Так начался второй, победоносный, этап в жизни Еньо: комендант села, инструктор райкома, секретарь сельсовета и, наконец, бездельник, отовсюду уволенный и принудительно отправленный на пенсию, повенчавшийся с рюмкой и питавшийся злобой. В редкие трезвые часы Еньо слонялся по обветшалому отцовскому дому или шел в город, тяжелым взглядом смотрел на проходящих женщин, готовый на преступление или неслыханно вызывающий поступок, бродил вокруг тех мест, где когда-то работал, пока приступ гнева не толкал его в первую попавшуюся забегаловку. Оттуда его нередко выводили или даже вышвыривали, потому что он вечно затевал свары. Бывали дни, когда он, жестоко избитый, грязный, оборванный, иногда босой на одну ногу, скитался по городским улочкам, стоически сжав губы и глядя в землю. С горем пополам возвращался в село, вваливался в пивную и с порога начинал обвинительную речь. Под его словесную секиру попадало все — и власть, которая заиграла отбой под первой же крутизной, и местное начальство, перечисляемое поименно, которое только разъезжает на машинах и пугает деревенских гусей, и милиция, которая занимается агитацией вместо того, чтобы насаждать — это было его любимое словечко — страх и порядок, и даже западный пролетариат, так его и разэтак, который поднимает вой до небес из-за каких-то грошей, а наши люди поджали хвосты и смотрят ему в рот… Это попахивает троцкизмом, с пониманием дела судил старый учитель Манол, бывший социал-демократ и «тесняк»[2]. Да какой там троцкизм, возражали ему, знаем мы, какая болячка у него зудит, власти ему хочется, да боле не дают, вот где собака зарыта…

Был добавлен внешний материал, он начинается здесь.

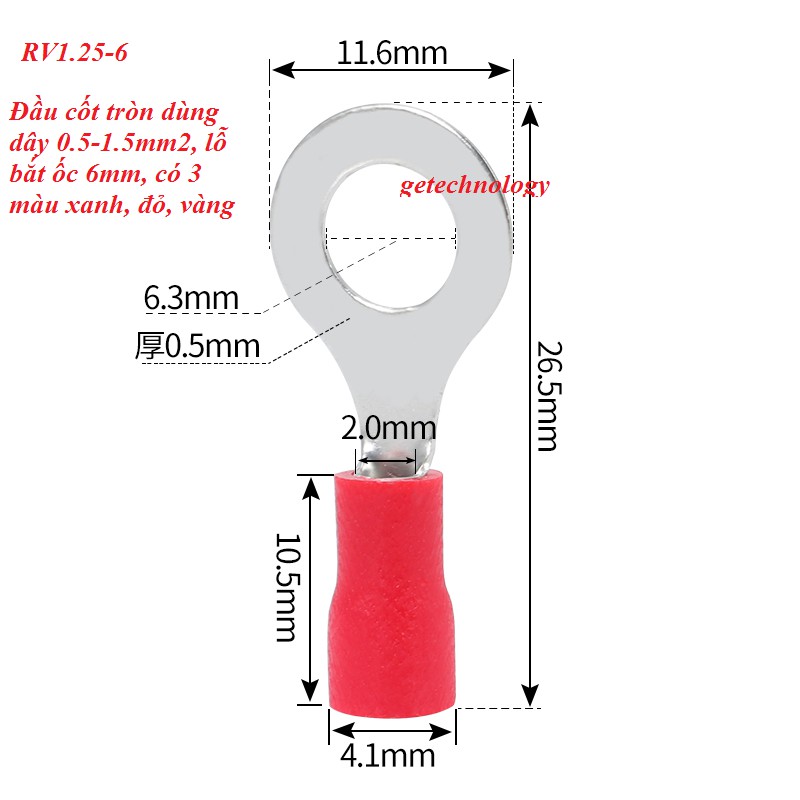 RV1.25-6 Đầu cốt tròn tiết diện dây 0.5-1.5mm2, lỗ bắt ốc 6mm (100 cái/túi)

Обе стороны были в чем-то правы, хотя дело было несколько сложнее. Еще в тюрьме и на инструкторской работе Еньо завел двух-трех товарищей, единомышленников и покровителей, с одним из которых, Топалой, особенно сблизился. Иван Крыстев по прозвищу Топала был мучеником революционной борьбы, около девяти лет жизни провел в застенках. Суровой была душа этого человека, суровыми были и его мысли. Серьезного образования он не получил, зато нахватался поверхностных и разрозненных знаний, почерпнутых где придется. После победы он занимал в городе ответственные посты, с которых жизнь его оттеснила, особенно после перемен — их Топала не ждал и не пожелал принять по сердцу, по совести. Ранним-тревожным мартом пятьдесят третьего года он плакал как ребенок, готовый отдать душу, чтобы оживить великого мертвеца. Сердце его разрывалось, будто он потерял родное дитя, и в то же время проходило последнюю закалку горем: никогда ранее Топала не был так яростен в своей вере, так необузданно дик в порывах и так дальновиден в предчувствиях. Вскоре по адресу легендарного покойника посыпались неслыханные обвинения, а в жизни наступили невиданные перемены. Все это вывело Топалу из равновесия. Еньо слушал его ночи напролет, то раскрыв рот, то стиснув зубы, и слова возмущения западали ему глубоко в душу, оседая где-то в извилинах неглубокого ума. Топала говорил о самом страшном — об отступлении…

И когда под метлу попал Топала, которого, хоть и с орденом, преждевременно выпроводили на пенсию, — Еньо за одну ночь вырос в собственных глазах: значит его тоже преследуют не случайно, — и сам себе показался героем. Не откуда-нибудь, а с дачки Топали он являлся в сельскую пивную, чтобы в угрозах и брани излить больную душу…

Вечером, когда усталая после прогулки Елица заснула, Нягол достал свой дневник. Коротко записал разговор с Мальо, особенно его точные суждения. В столице многое выглядит иначе, совсем не так, как здесь. А ведь завтра ему спешно лететь в эту самую столицу… Вспомнился вопрос Елицы, который она задала по дороге в село. Странно, эта девочка угадывает его душевные раны, не постигнутую им и, пожалуй, непостижимую формулу его одинокой жизни.

Рука сама собой вывела: щеголяющий знаниями. Это ему понравилось. Таким он был в молодости. Искусство, писала рука, как и любовь, начинается с чувства, а не с разума. Тогда я этого не знал и явился на свидание с ним, щеголяя знаниями, наивностью в больших вопросах и небрежностью в повседневных вещах, которые считал мелочами. Нет, брат, это не мелочи. Почти все великие книги в свое время казались немного наивными, и лишь со временем становилась понятна их мудрость, и это не случайно. В моих же — серьезности хоть отбавляй, и тем не менее они наивны уже сейчас. Вот что следовало ответить Е.